EKBIS.CO, JAKARTA -- Bank Indonesia (BI) mencatat aliran modal asing yang masuk ke pasar keuangan dalam negeri mencapai Rp 192,6 triliun sejak awal 2019 hingga 3 Oktober 2019. Dana masuk ini turut menjaga stabilitas nilai tukar rupiah dalam beberapa waktu terakhir dikisaran Rp 14.170-Rp 14.180 per dolar AS.
Gubernur BI Perry Warjiyo di Jakarta, Jumat, mengatakan terjaganya aliran modal asing yang masuk menunjukkan imbal hasil aset keuangan domestik masih menarik meskipun Otoritas Moneter telah menurunkan suku bunga acuan secara beruntun dalam tiga bulan terakhir.
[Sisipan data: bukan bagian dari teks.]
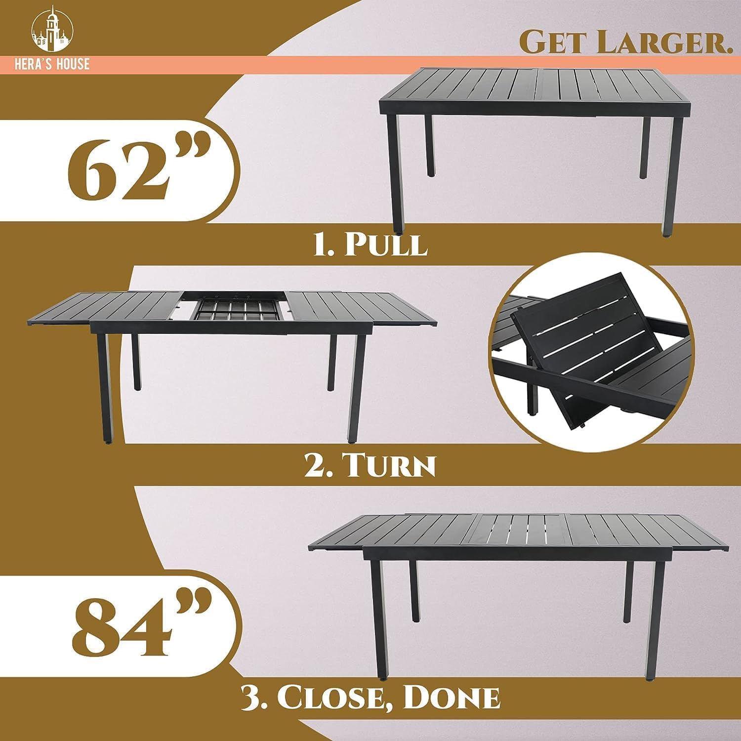 - ă62"/84" MORDEN EXTENDABLE SLATTED METAL TABLE TOPăLarge rectangle surface for 6-8 person, enough space for your leisure time with your friends or family. HERAâS HOUSE slatted metal table top leaves enough water seepage gaps, which is easy to clean and wonât accumulate water. Expandable table top with 2 sizes (62" and 84") meet your actual needs.

BI menurunkan suku bunga sebanyak 0,75 persen menjadi 5,25 persen.
BI dalam Rapat Dewan Gubernur periode September 2019 juga memberi isyarat untuk kemungkinan pelonggaran kembali kebijakan moneter ataupun makroprudensial. Selain itu, ujar Perry, fundamental ekonomi Tanah Air sebagai salah satu negara berkembang masih prospektif di tengah gejolak yang melanda perekonomian global, yang disusul era pelonggaran kebijakan moneter negara-negara di dunia.
"Modal asing masuk ke Surat Berharga Negara terus berlanjut yang menunjukkan imbal hasil (yield) kita tetap menarik, prospek ekonomi Indonesia juga masih membaik," ujarnya, Jumat (4/10).
Adapun dari arus modal asing masuk tersebut, sebanyak Rp 137,9 triliun masuk ke instrumen Surat Berharga Negara (SBN). Kemudian, sebesar Rp 52,4 triliun ke saham dan sisanya ke obligasi korporasi serta Sertifikat Bank Indonesia (SBI).
Pada Jumat di pembukaan pasar, nilai tukar (kurs) rupiah di spot sebesar 36 poin atau 0,25 persen menjadi Rp 14.137 per dolar AS dibanding posisi sebelumnya Rp 14.173 per dolar AS.
Secara terpisah, Kepala Riset Monex Investindo Future Ariston Tjendra mengemukakan penguatan nilai tukar rupiah dipicu meningkatnya ekspetasi pasar akan pemangkasan kembali suku bunga acuan Bank Sentral AS The Federal Reserve di sisa tahun menyusul masih lemahnya perekonomian AS. Indeks manufaktur AS yang dirilis oleh Institute for Supply Management (ISM) mengalami kontraksi ke level 47.8 di bulan September. Setiap angka di bawah level 50 sinyalkan kontraksi.
Sedangkan, indeks non manufaktur dari ISM di level 52,6 untuk periode September. Sebelumnya para ekonom memperkirakan di level 55,3.
Selanjutnya, ia mengatakan fokus pasar akan tertuju pada rangkaian data tenaga kerja AS lainnya, di antaranya laporan 'Non-Farm Payroll'. Bila hasil yang dilaporkan turun dari data bulan sebelumnya, maka spekulasi pemangkasan suku bunga acuan AS semakin kuat di pasar.
"Pada akhir Oktober ini, sedianya the Fed akan melaksanakan Komite Pasar Terbuka Federal (FOMC), kebijakan suku bunga akan menjadi sorotan," katanya.